Since its start in 2006, Amazon Web Services has grown to over 40 different services. Amazon Simple Storage Service (S3), our object store, and one of our first services, is now home to trillions of objects and core to many enterprise applications. S3 is used to store many kinds of data, including geo, genomic, and video data and facilitates parallel access to big data. Netflix considers S3 the “source of truth” for all its data warehousing.
The goal of this presentation is to illustrate best practice for open or shared geo-data in the cloud. To do so, it showcases a simple map tiling architecture, running on top of data stored in S3 and uses CloudFront (CDN), Elastic Beanstalk (Application Management), and EC2 (Compute) in combination with FOSS4G tools.

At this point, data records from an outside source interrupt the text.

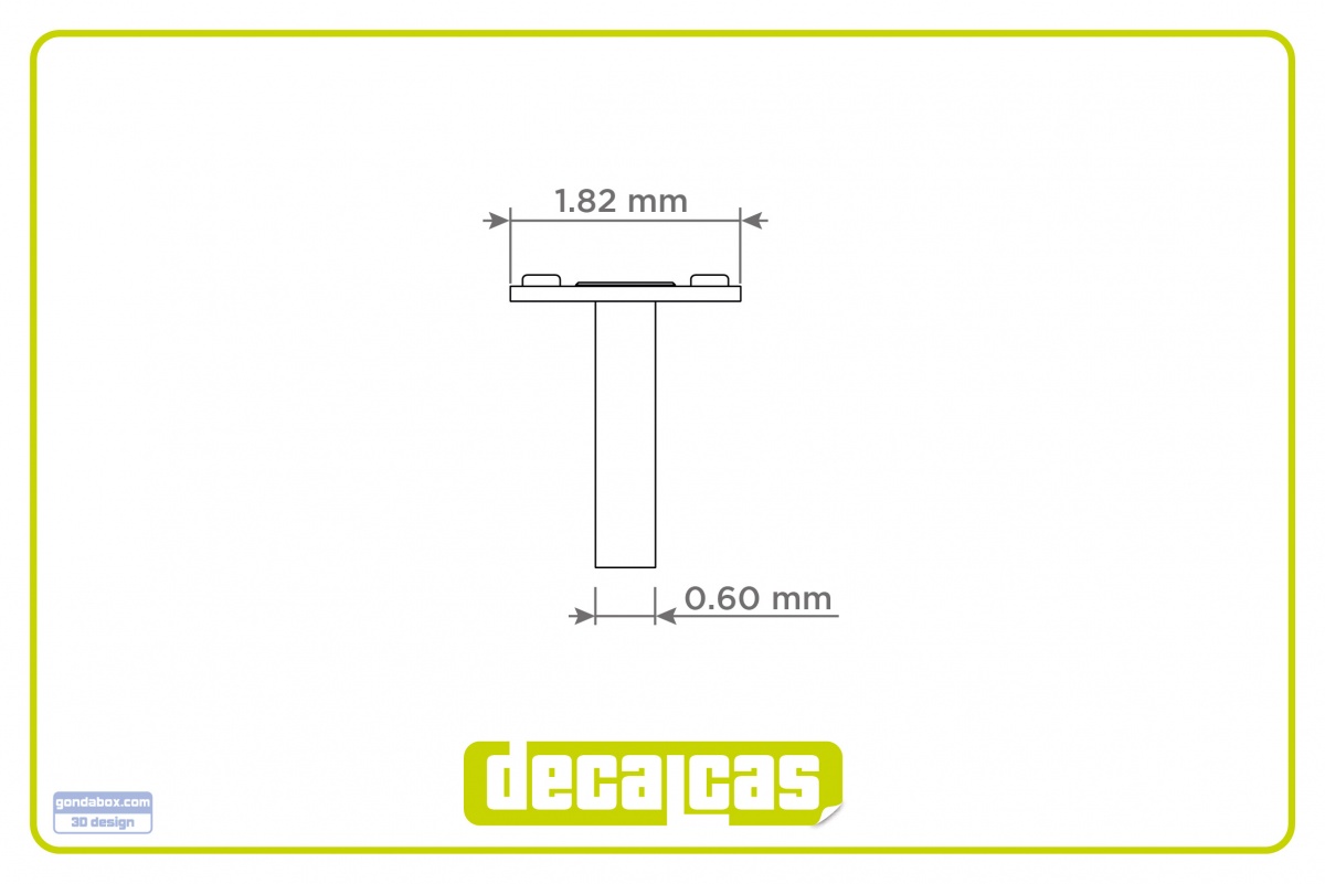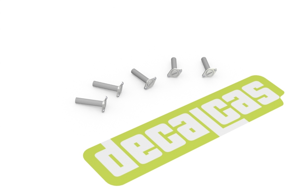 Dzus type quick release fasteners with large rhomboid base (Type 2) at 1/24 scale, with a width of 1,82 mm. Made in resin by 3D printing, they reproduce all the details, such as the mounting rivets. They are extremely thin, and have a 0.6 mm diameter support rod for mounting, which will allow you to fix them with precision. Made with the usual quality of DECALCAS products, you only have to worry about painting and gluing on your scale model.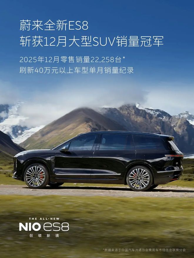电动知家消息,1月10日,据中国汽车流通协会乘用车市场信息联席分会发布的最新数据显示,2025年12月,蔚来全新ES8零售销量达22258台,一举斩获大型SUV、大三排SUV市场以及40万元以上车型三料销量冠军。这一成绩标志着中国市场上纯电车型首次在大型SUV领域超越传统燃油车,成为新的销量王者。尤为引人注目的是,全新ES8自2025年9月21日开启交付后,仅用100天便完成40000台交付里程碑,创下国内40万元以上车型交付“破四万”的最快纪录。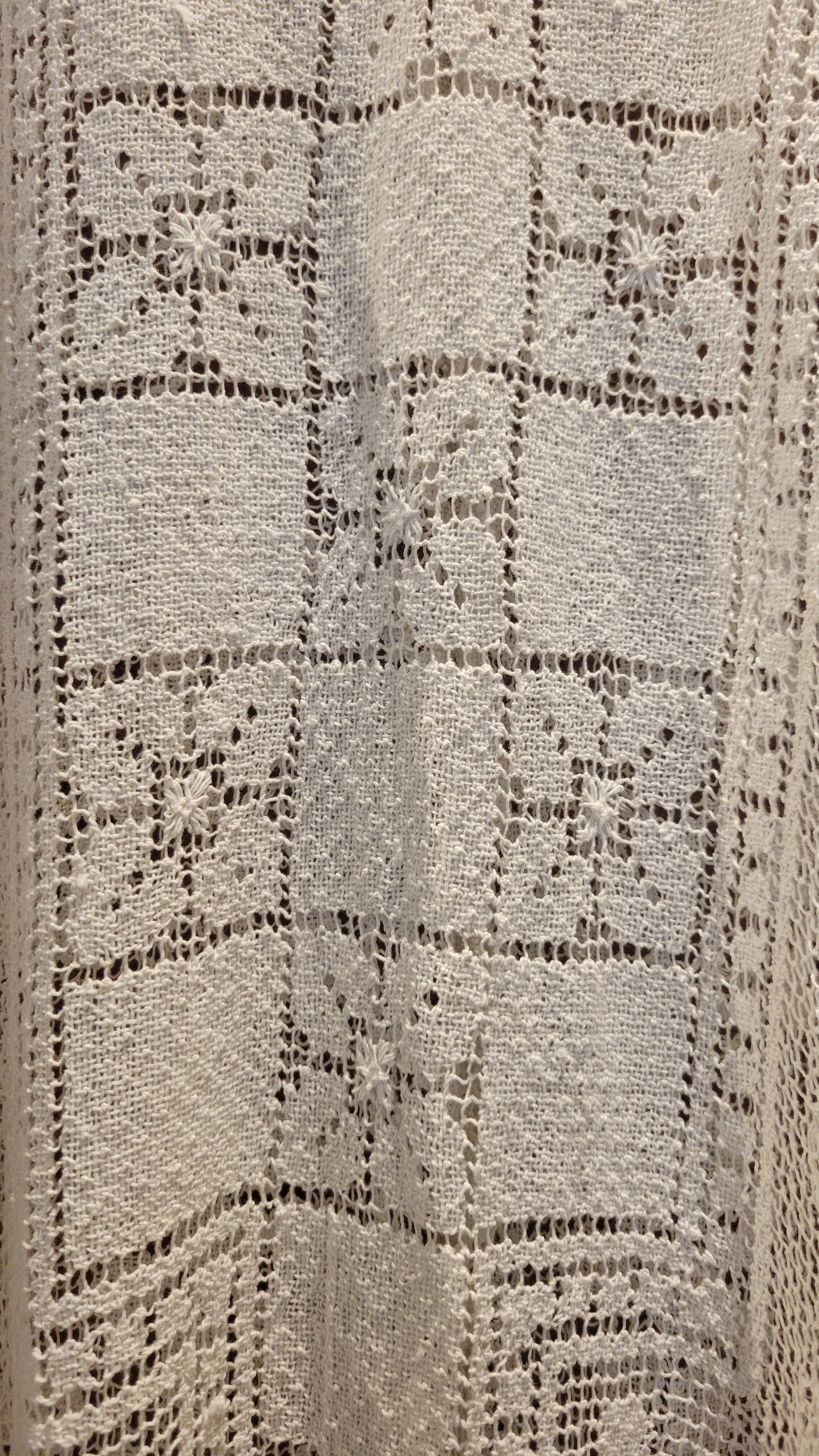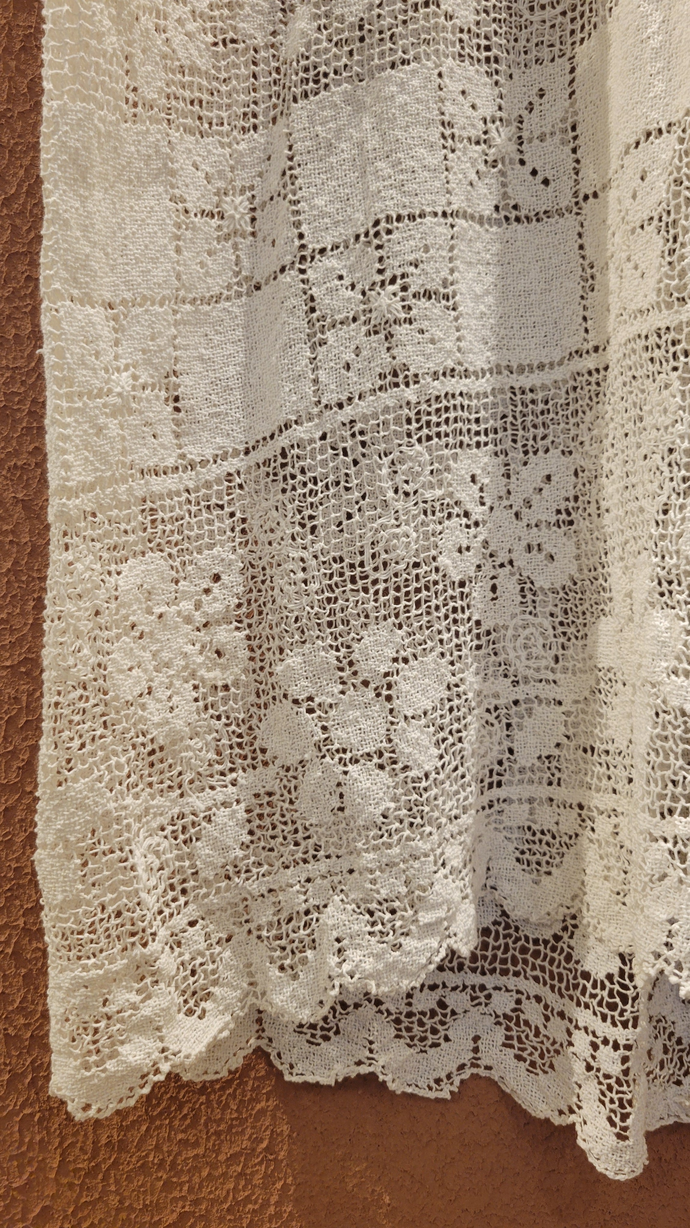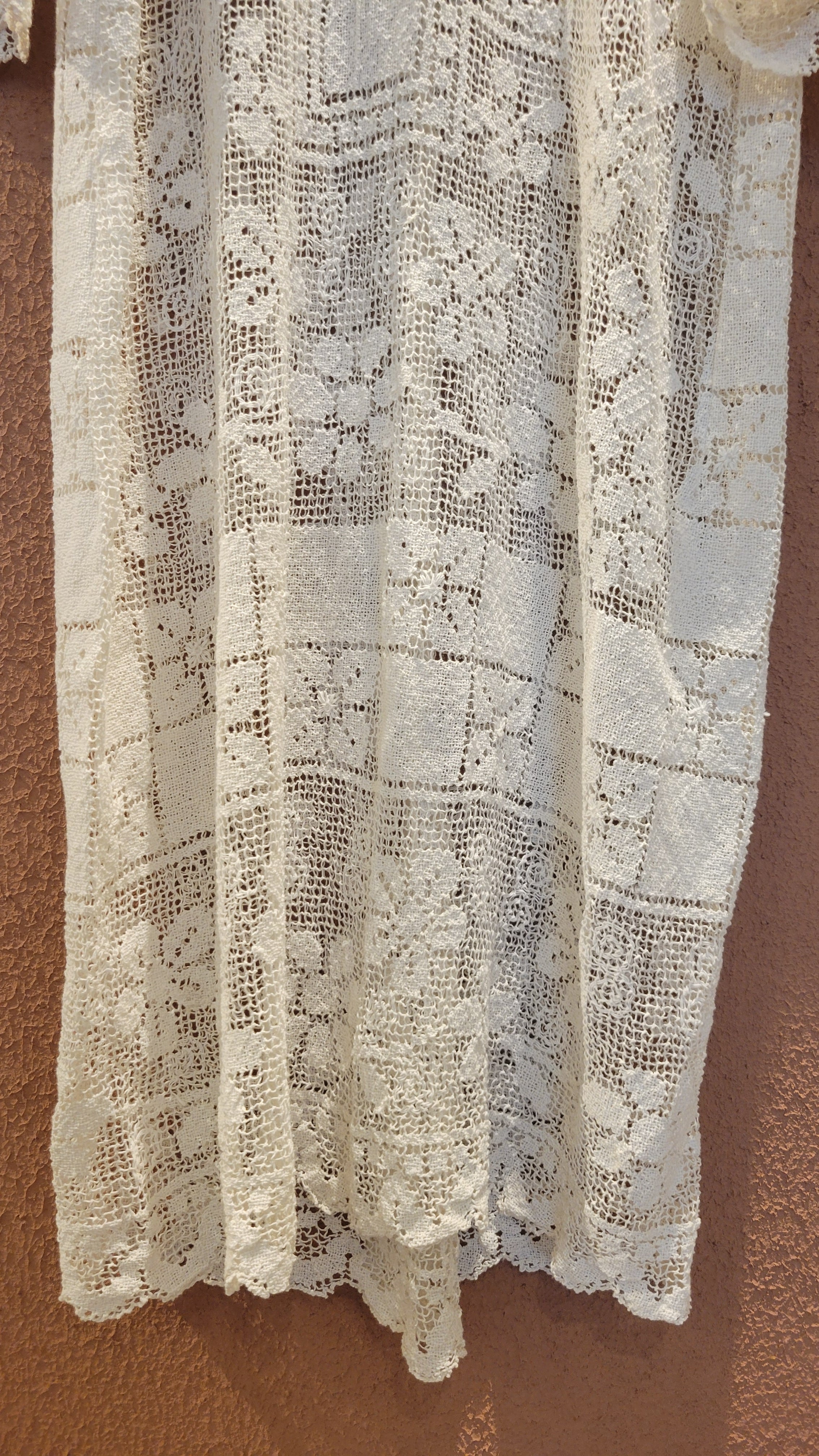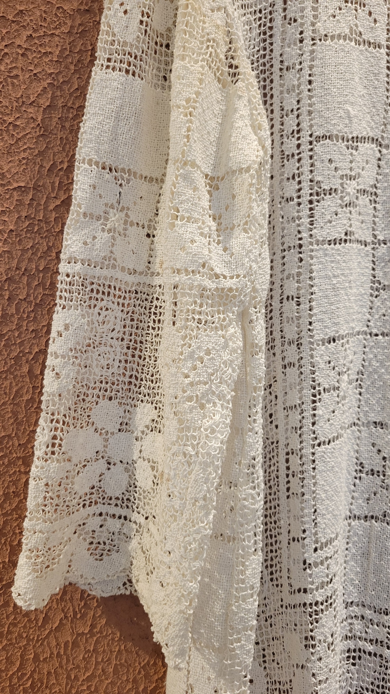 ヴィンテージレースを使用したリメイクワンピース。素材表記はありませんがコットンのようです。ファスナー等は付いておらず頭から被るようにして着用するプルオーバータイプです。秋冬はインナーにリブタートルニット等を合わせて。ブーツとの相性も良いです。*右袖に幅5ミリほどの薄いシミがあります。画像でご確認ください。

The demo uses the USDA’s NAIP dataset (48TB), plus other higher resolution city data, to show how you can build global mapping services without pre-rendering tiles. Because the GeoTIFFs are stored in a requester-pays S3 bucket, anyone with an AWS account has immediate access to the source GeoTIFFs at the infrastructure level, allowing for parallel access by other systems and if necessary, bulk export. However, I will show that the cloud, because it supports both highly available and flexible compute, makes it unnecessary to move data, pointing to a new paradigm, made possible by cloud computing, where one set of GeoTIFFs can act as an authoritative source for any number of users.